• [Aim of the task]:
Repeat every entry word for word; omit all pictures.

-- Dataset records follows --

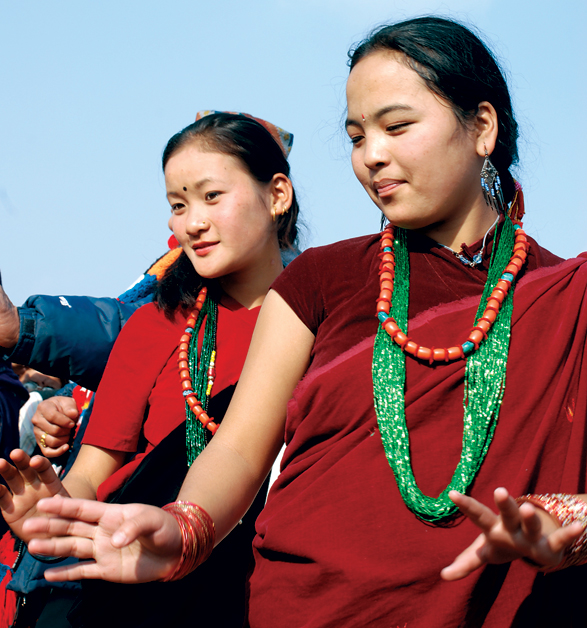 Tamu, as the Gurungs call themselves, is one of the many ethnic groups of Nepal both in terms of their geographical distribution and their cultural makeup. The group primarily occupies the western regions of Nepal. They are particularly numerous in the districts of Gorkha, Lamjung, Kaski, Tanahu, Parbat, Syangja and Manang, all within the shadow of the Annapurna mountain range. Although located within close proximity, there are many social and cultural distinctions among the Gurungs. The Ghodane clan, for example, makes up a large proportion of Gurungs living in Parbat district. Their rituals and traditions portray considerable social distinction and generosity. In their marriage rituals, the Ghodane entertain not one but three different approaches.
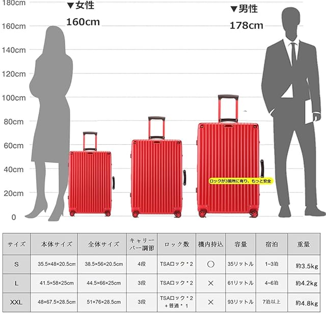 【サイズ】Sサイズの内寸は48*35.5*20.5cm、容量は35リットル、1~3泊に似合います。Sサイズは一部の航空会社だけに適用しますので、事前に航空会社に確認したほうがいいんです。Mサイズの内寸は50*38.5*22.5cm、容量は48リットル、2-4泊以上。Lサイズの内寸は41.5*58*25cm、容量は61リットル、4-6泊以上。XLサイズの内寸は62*45.5*26.5cm、容量は78リットル、5-7泊以上。XXLサイズの内寸は67.5*48*28.5cm、容量は93リットル、7泊以上
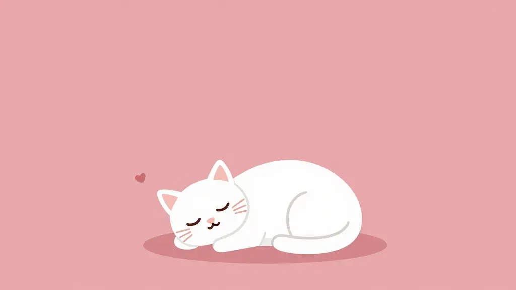 A white cartoon kitten curls into a peaceful nap with closed eyes and a tiny red heart floating near its ear, rendered in smooth, matte fur with soft gradients. The image features diffuse overhead lighting and a centered, low-angle composition against a solid dusty rose background with minimal negative space.
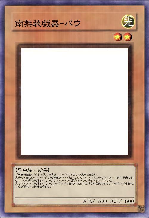 「南無装戯蟲-パウ」の①の効果は1ターンに1度しか使用できない。 ①手札・墓地のこのカードを装備魔法カード扱いとしてフィールド上のモンスター1体に装備できる。この効果で装備されているモンスターの攻撃力は500ポイントダウンする。 ②モンスターに装備されているこのカードが墓地へ送られた場合に発動できる。このカードを墓地から攻撃表示で特殊召喚する。 |
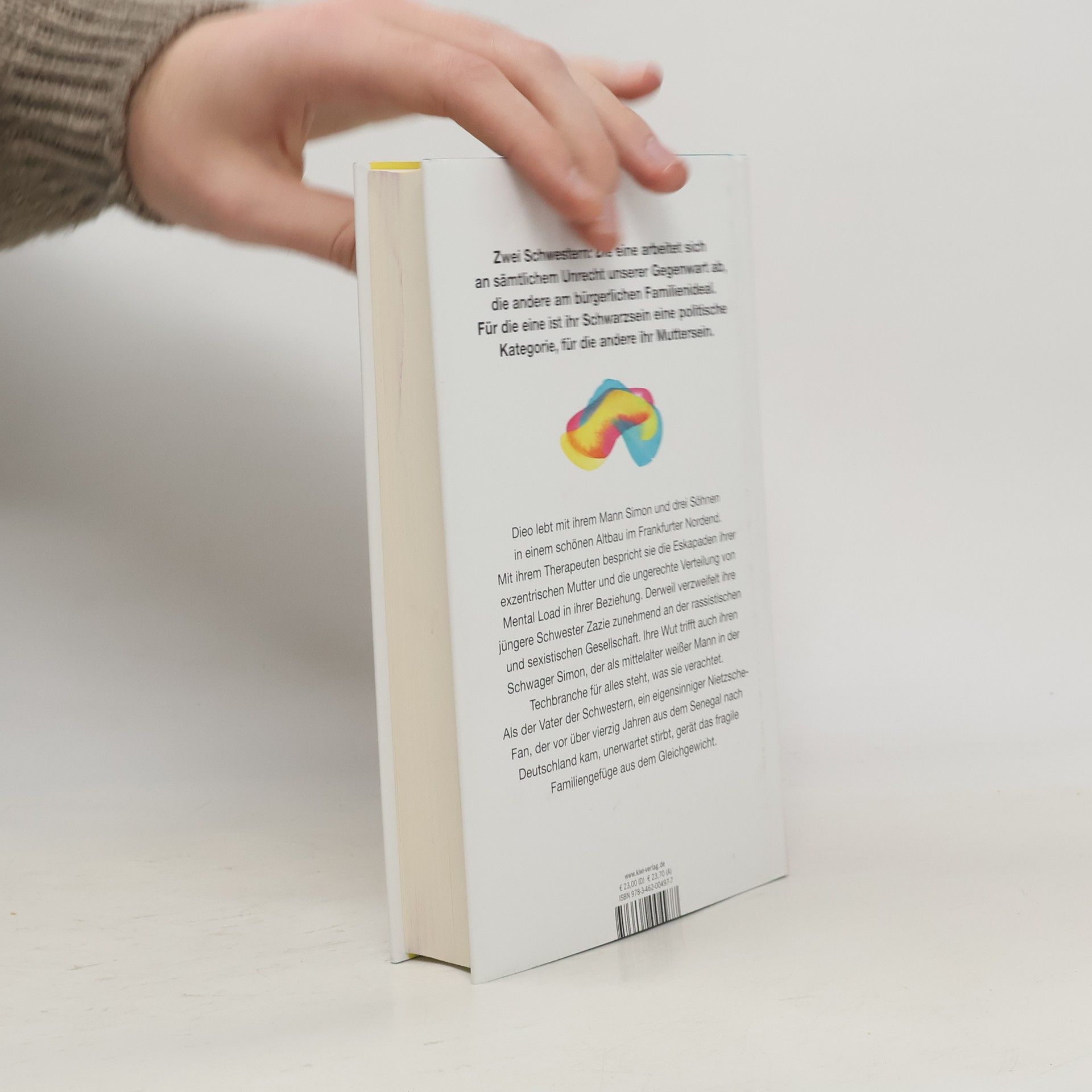 Zwei Schwestern: Die eine arbeitet sich an sämtlichem Unrecht unserer Gegenwart ab, die andere am bürgerlichen Familienideal; für die eine ist ihr Schwarzsein eine politische Kategorie, für die andere ihr Muttersein. Klug, erhellend und mit hintergründigem Witz erzählt Yandé Seck in ihrem Debütroman von den Ambivalenzen, die wir im Kleinen wie im Großen aushalten müssen. Dieo lebt mit ihrem Mann Simon und drei Söhnen in einer schönen Altbauwohnung im Frankfurter Nordend. Sie leidet unter den unerfüllbaren Ansprüchen der Gesellschaft an sie als Mutter, vor allem aber ist es die ständige Kritik ihrer jüngeren Schwester Zazie an allem und jedem, die an ihren Nerven zerrt. Auch Simon, ein mittelalter weißer Mann und Angestellter in einem Finanz-Start-up, gerät immer wieder ins Visier seiner Schwägerin, die zunehmend an der rassistischen und sexistischen Gesellschaft verzweifelt. Als der Vater der Schwestern, ein eigensinniger Nietzschefan, der vor mehr als vierzig Jahren aus dem Senegal nach Deutschland kam, unerwartet stirbt, gerät das mühsam kalibrierte Familiengefüge aus dem Gleichgewicht. Für die Beerdigung reisen die Schwestern in das Land ihres Vaters. Der Abschied wird für die beiden zu einem Neuanfang – in vielerlei Hinsicht.
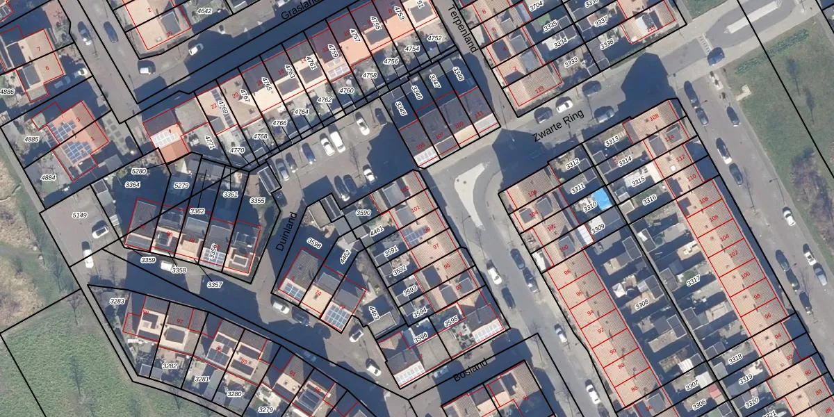 Het perceel waarop Zwarte Ring 101 staat heeft een oppervlakte van 111 m². Dit is een middelgroot perceel. De perceeloppervlakte wordt geregistreerd door het Kadaster. Gedetailleerde informatie over de maten van dit perceel kunt u vinden in het rapport Kadastrale kaart met maatvoering van Zwarte Ring 101.
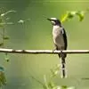 灰山椒鸟:体长18-20厘米。上体灰色或石板灰色,两翅和尾黑色,翅上具斜行白色翼斑,外侧尾羽先端白色。前额、头顶前部、颈侧和下体均白色,具黑色贯眼纹。雄鸟头顶后部至后颈黑色,雌鸟头顶后部和上体均为灰色。…全部>>
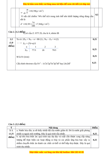 u Fe2+ : 1s22s22p63s23p63d6 hay [Ar]3d6 0,25 Câu 3. (3,5 đi m) ể Ý N i ộ dung Đi m ể 3. 1. a. Nư c ớ hoa r n, ắ ta s ẽ th y ấ nhi t ệ đ ộ c a u nư c ớ gi m ả đi. Đo là nư c ớ gi i ả phong (1,25 nhi t ệ ra ngoài môi trư ng. ờ Đây là quá trinh t a ỏ nhi t ệ . 0,25 đi m) ể b. sư tiêu hoa th c
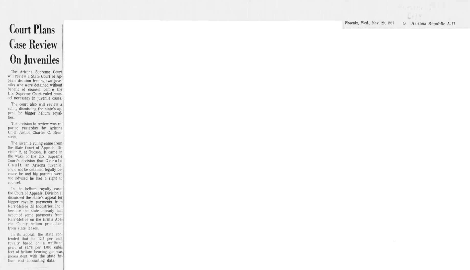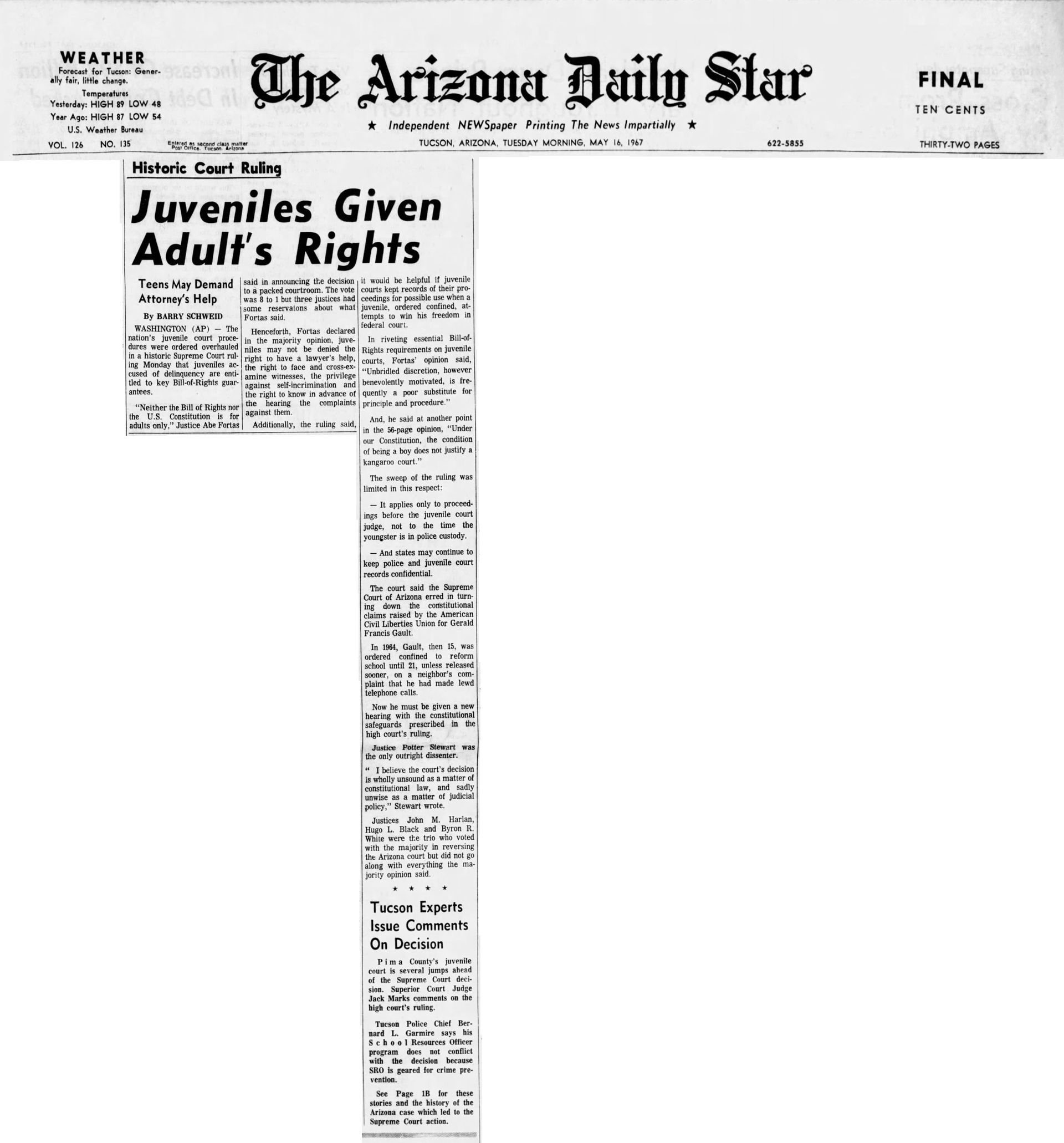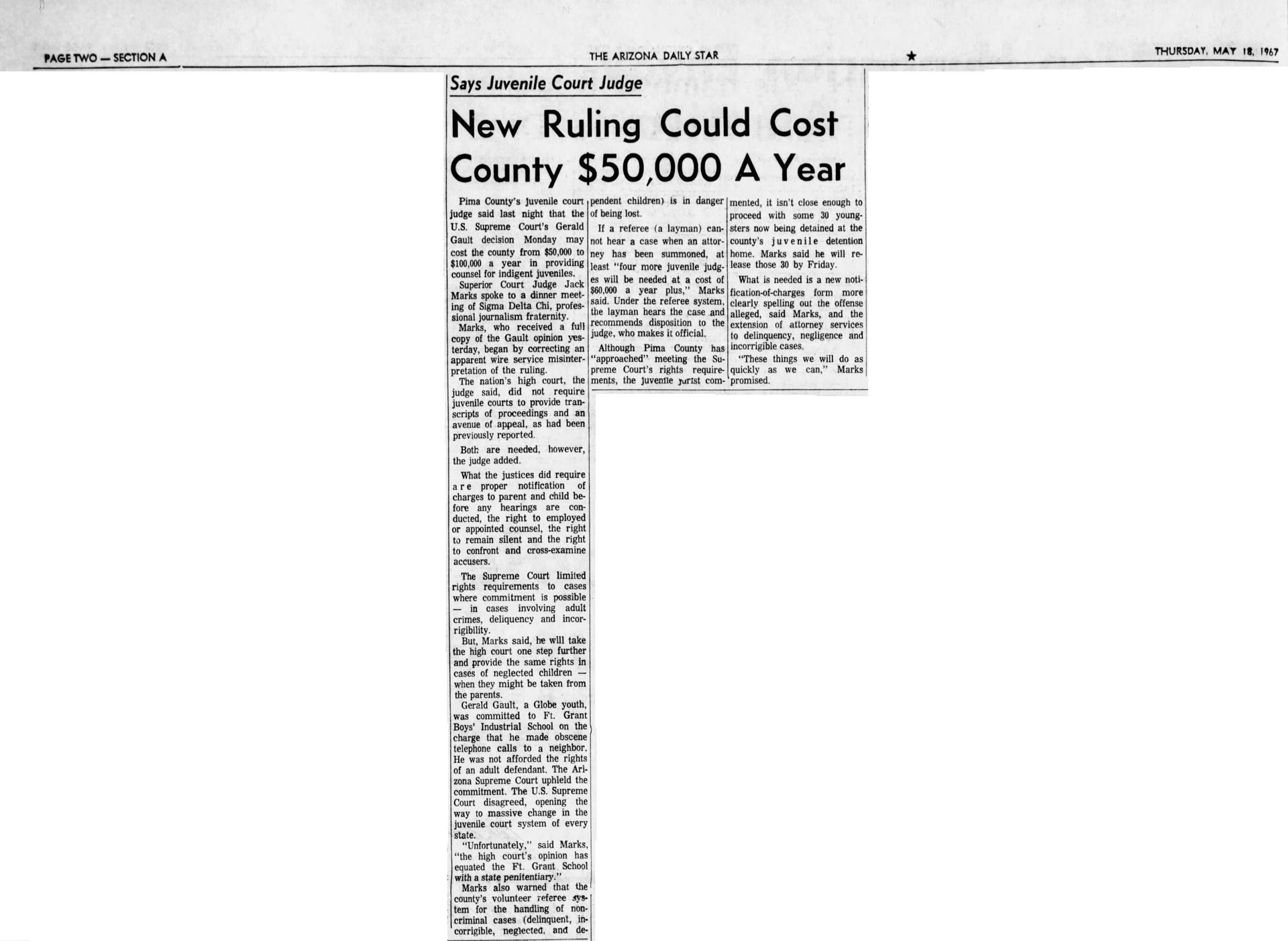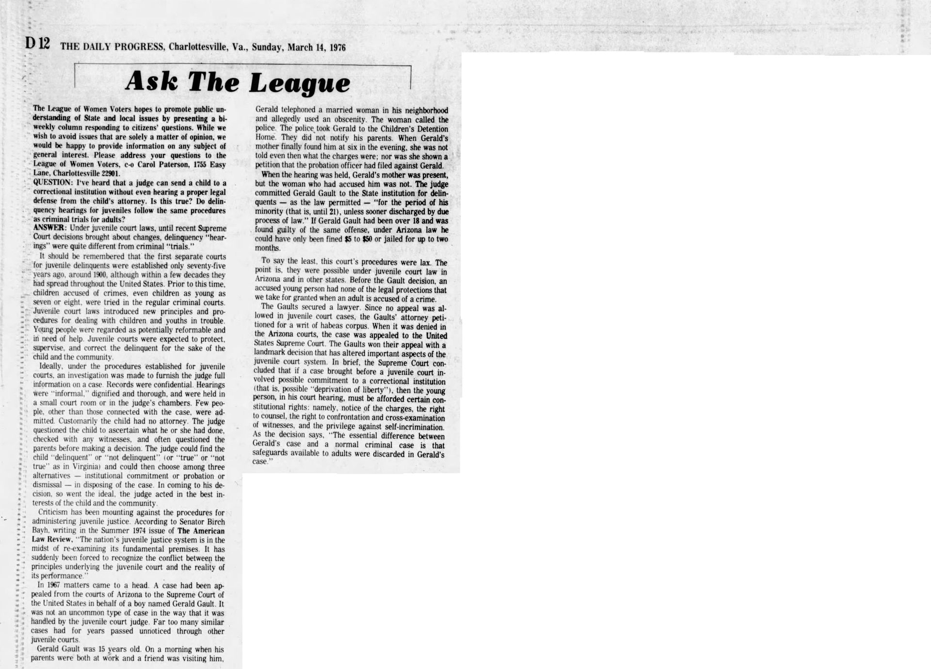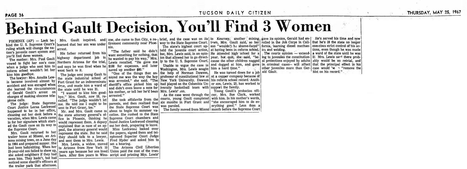 With this case Addison was part of legal history and the landmark case IN re Gault (1967) 387 U.S. 1
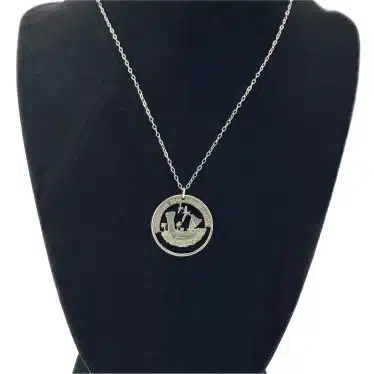 Showcase state pride with the exquisite Northern Mariana Islands Cut Coin Necklace. Indeed, this stunning piece is a remarkable addition to the popular trend of coin-cut jewelry, making it perfect for anyone who cherishes their roots or loves unique accessories. Furthermore, the necklace serves as a statement of identity and style, reflecting beauty and heritage.

-- Dataset records concluded --

• [Completed task]:
 Tamu, as the Gurungs call themselves, is one of the many ethnic groups of Nepal both in terms of their geographical distribution and their cultural makeup. The group primarily occupies the western regions of Nepal. They are particularly numerous in the districts of Gorkha, Lamjung, Kaski, Tanahu, Parbat, Syangja and Manang, all within the shadow of the Annapurna mountain range. Although located within close proximity, there are many social and cultural distinctions among the Gurungs. The Ghodane clan, for example, makes up a large proportion of Gurungs living in Parbat district. Their rituals and traditions portray considerable social distinction and generosity. In their marriage rituals, the Ghodane entertain not one but three different approaches.
 【サイズ】Sサイズの内寸は48*35.5*20.5cm、容量は35リットル、1~3泊に似合います。Sサイズは一部の航空会社だけに適用しますので、事前に航空会社に確認したほうがいいんです。Mサイズの内寸は50*38.5*22.5cm、容量は48リットル、2-4泊以上。Lサイズの内寸は41.5*58*25cm、容量は61リットル、4-6泊以上。XLサイズの内寸は62*45.5*26.5cm、容量は78リットル、5-7泊以上。XXLサイズの内寸は67.5*48*28.5cm、容量は93リットル、7泊以上
 A white cartoon kitten curls into a peaceful nap with closed eyes and a tiny red heart floating near its ear, rendered in smooth, matte fur with soft gradients. The image features diffuse overhead lighting and a centered, low-angle composition against a solid dusty rose background with minimal negative space.
 「南無装戯蟲-パウ」の①の効果は1ターンに1度しか使用できない。 ①手札・墓地のこのカードを装備魔法カード扱いとしてフィールド上のモンスター1体に装備できる。この効果で装備されているモンスターの攻撃力は500ポイントダウンする。 ②モンスターに装備されているこのカードが墓地へ送られた場合に発動できる。このカードを墓地から攻撃表示で特殊召喚する。 |
 Zwei Schwestern: Die eine arbeitet sich an sämtlichem Unrecht unserer Gegenwart ab, die andere am bürgerlichen Familienideal; für die eine ist ihr Schwarzsein eine politische Kategorie, für die andere ihr Muttersein. Klug, erhellend und mit hintergründigem Witz erzählt Yandé Seck in ihrem Debütroman von den Ambivalenzen, die wir im Kleinen wie im Großen aushalten müssen. Dieo lebt mit ihrem Mann Simon und drei Söhnen in einer schönen Altbauwohnung im Frankfurter Nordend. Sie leidet unter den unerfüllbaren Ansprüchen der Gesellschaft an sie als Mutter, vor allem aber ist es die ständige Kritik ihrer jüngeren Schwester Zazie an allem und jedem, die an ihren Nerven zerrt. Auch Simon, ein mittelalter weißer Mann und Angestellter in einem Finanz-Start-up, gerät immer wieder ins Visier seiner Schwägerin, die zunehmend an der rassistischen und sexistischen Gesellschaft verzweifelt. Als der Vater der Schwestern, ein eigensinniger Nietzschefan, der vor mehr als vierzig Jahren aus dem Senegal nach Deutschland kam, unerwartet stirbt, gerät das mühsam kalibrierte Familiengefüge aus dem Gleichgewicht. Für die Beerdigung reisen die Schwestern in das Land ihres Vaters. Der Abschied wird für die beiden zu einem Neuanfang – in vielerlei Hinsicht.
 Het perceel waarop Zwarte Ring 101 staat heeft een oppervlakte van 111 m². Dit is een middelgroot perceel. De perceeloppervlakte wordt geregistreerd door het Kadaster. Gedetailleerde informatie over de maten van dit perceel kunt u vinden in het rapport Kadastrale kaart met maatvoering van Zwarte Ring 101.
 灰山椒鸟:体长18-20厘米。上体灰色或石板灰色,两翅和尾黑色,翅上具斜行白色翼斑,外侧尾羽先端白色。前额、头顶前部、颈侧和下体均白色,具黑色贯眼纹。雄鸟头顶后部至后颈黑色,雌鸟头顶后部和上体均为灰色。…全部>>
 u Fe2+ : 1s22s22p63s23p63d6 hay [Ar]3d6 0,25 Câu 3. (3,5 đi m) ể Ý N i ộ dung Đi m ể 3. 1. a. Nư c ớ hoa r n, ắ ta s ẽ th y ấ nhi t ệ đ ộ c a u nư c ớ gi m ả đi. Đo là nư c ớ gi i ả phong (1,25 nhi t ệ ra ngoài môi trư ng. ờ Đây là quá trinh t a ỏ nhi t ệ . 0,25 đi m) ể b. sư tiêu hoa th c
 With this case Addison was part of legal history and the landmark case IN re Gault (1967) 387 U.S. 1
 Showcase state pride with the exquisite Northern Mariana Islands Cut Coin Necklace. Indeed, this stunning piece is a remarkable addition to the popular trend of coin-cut jewelry, making it perfect for anyone who cherishes their roots or loves unique accessories. Furthermore, the necklace serves as a statement of identity and style, reflecting beauty and heritage.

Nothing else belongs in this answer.